- _SUPPLIED INFORMATION_
====

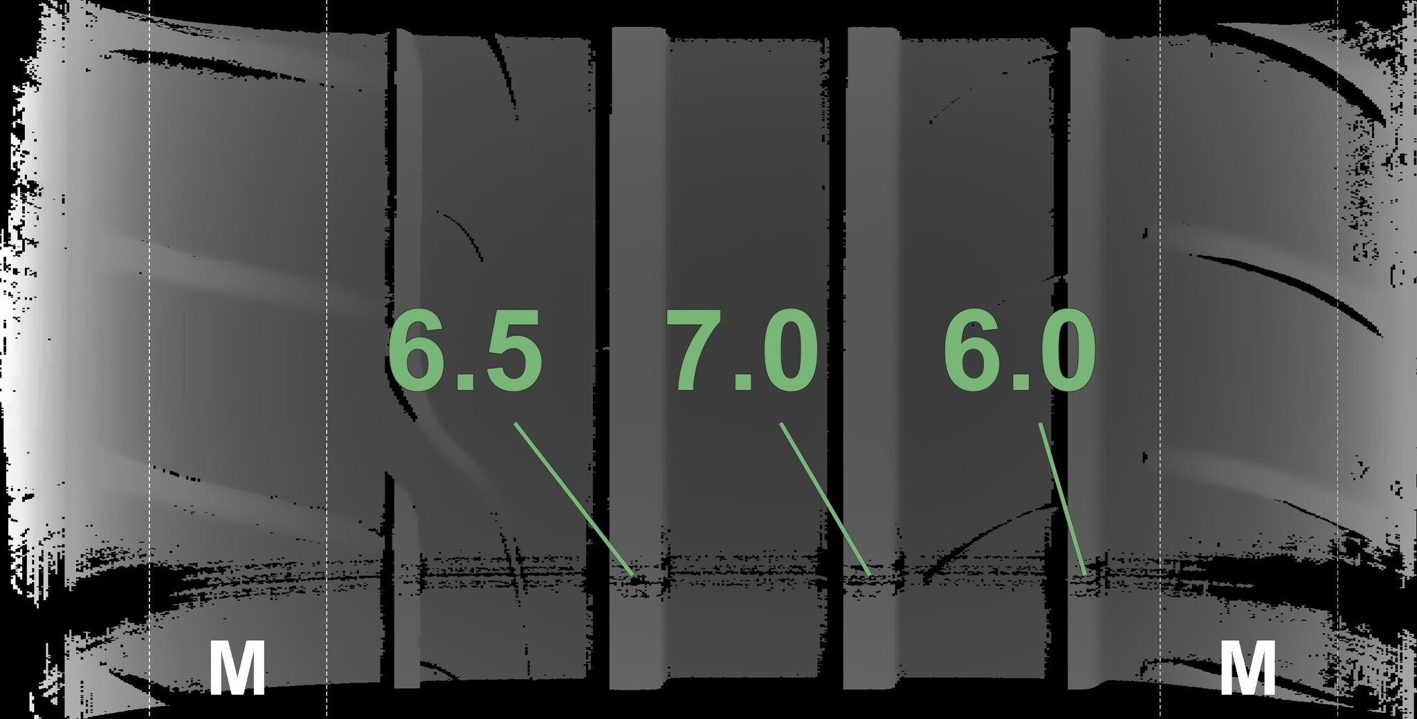 De gemeten profieldieptes en de details van de velgen zijn hierboven weergegeven.
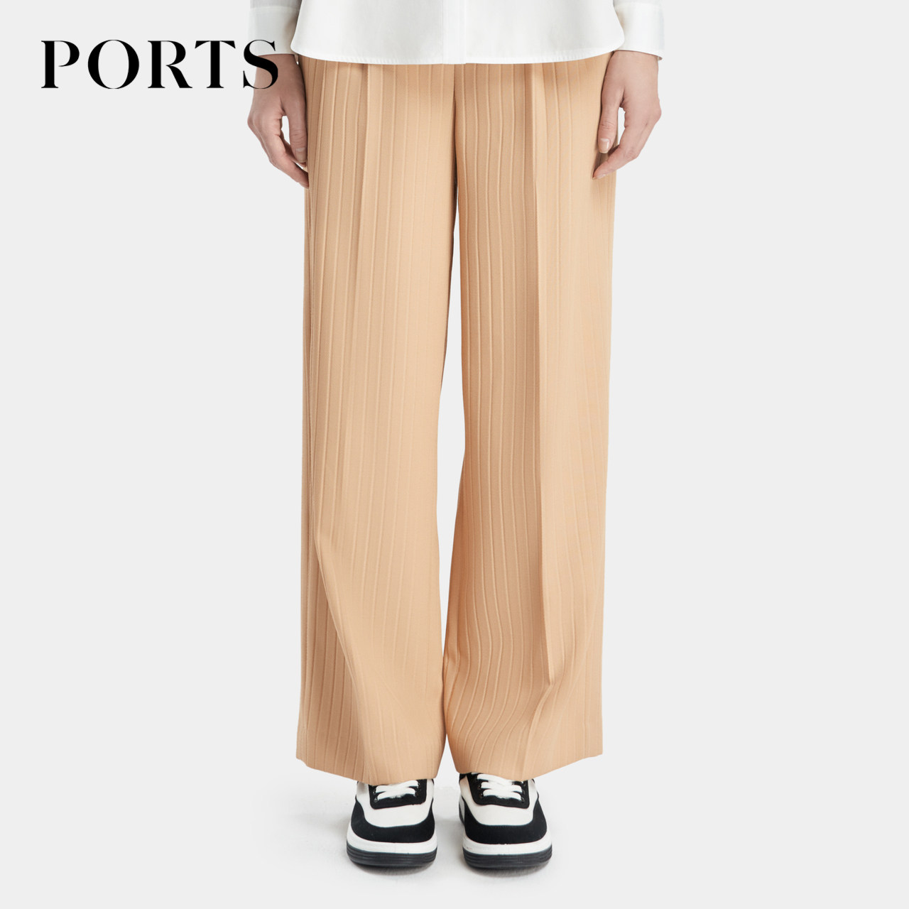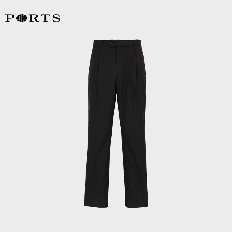 PORTS宝姿女装裤子2023春季新款褶裥装饰百搭直筒裤LP8P018RWF051
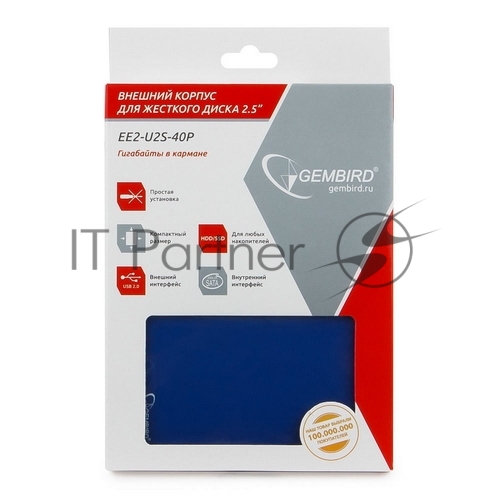 Контейнер для HDD Gembird EE2-U2S-40P-B Внешний корпус 2.5″ Gembird EE2-U2S-40P-B, синий, USB 2.0, SATA, пластик
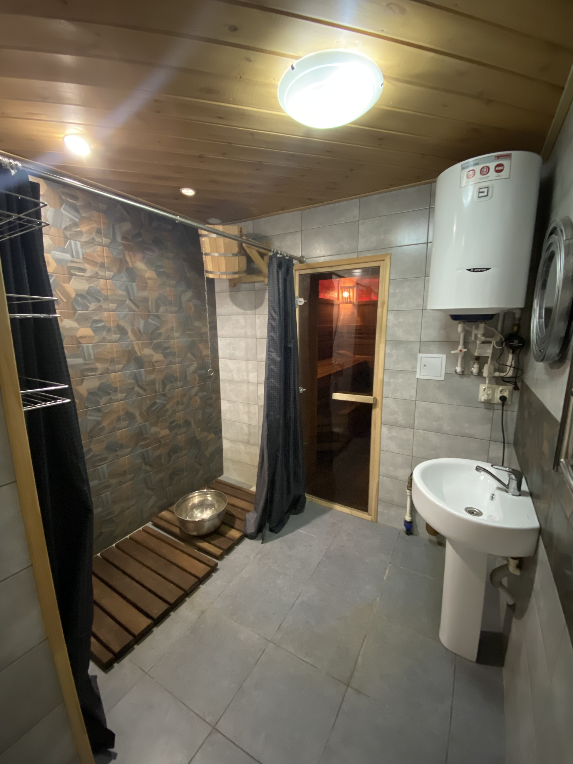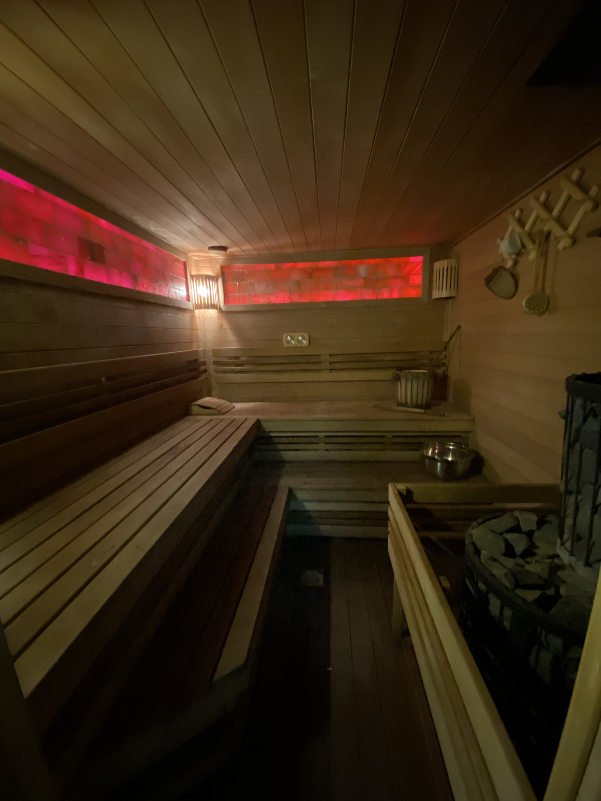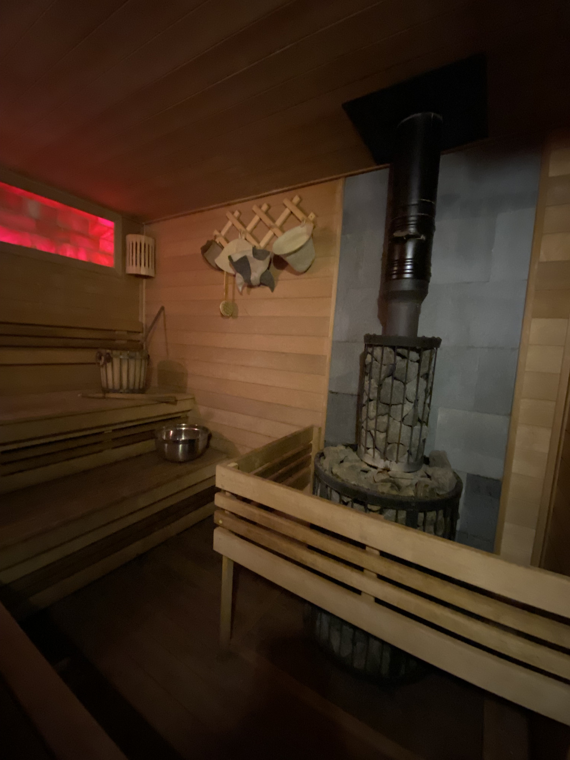 Финская парная, 3 гостевых комнаты, солевые камни в парилке, вмонтированные в стену с подцветкой.

====

- _HOW TO COMPLETE THIS TASK_
Please print the data above once more, exactly as it appears, with no pictures.

- _OUTPUT_
 De gemeten profieldieptes en de details van de velgen zijn hierboven weergegeven.
 PORTS宝姿女装裤子2023春季新款褶裥装饰百搭直筒裤LP8P018RWF051
 Контейнер для HDD Gembird EE2-U2S-40P-B Внешний корпус 2.5″ Gembird EE2-U2S-40P-B, синий, USB 2.0, SATA, пластик
 Финская парная, 3 гостевых комнаты, солевые камни в парилке, вмонтированные в стену с подцветкой.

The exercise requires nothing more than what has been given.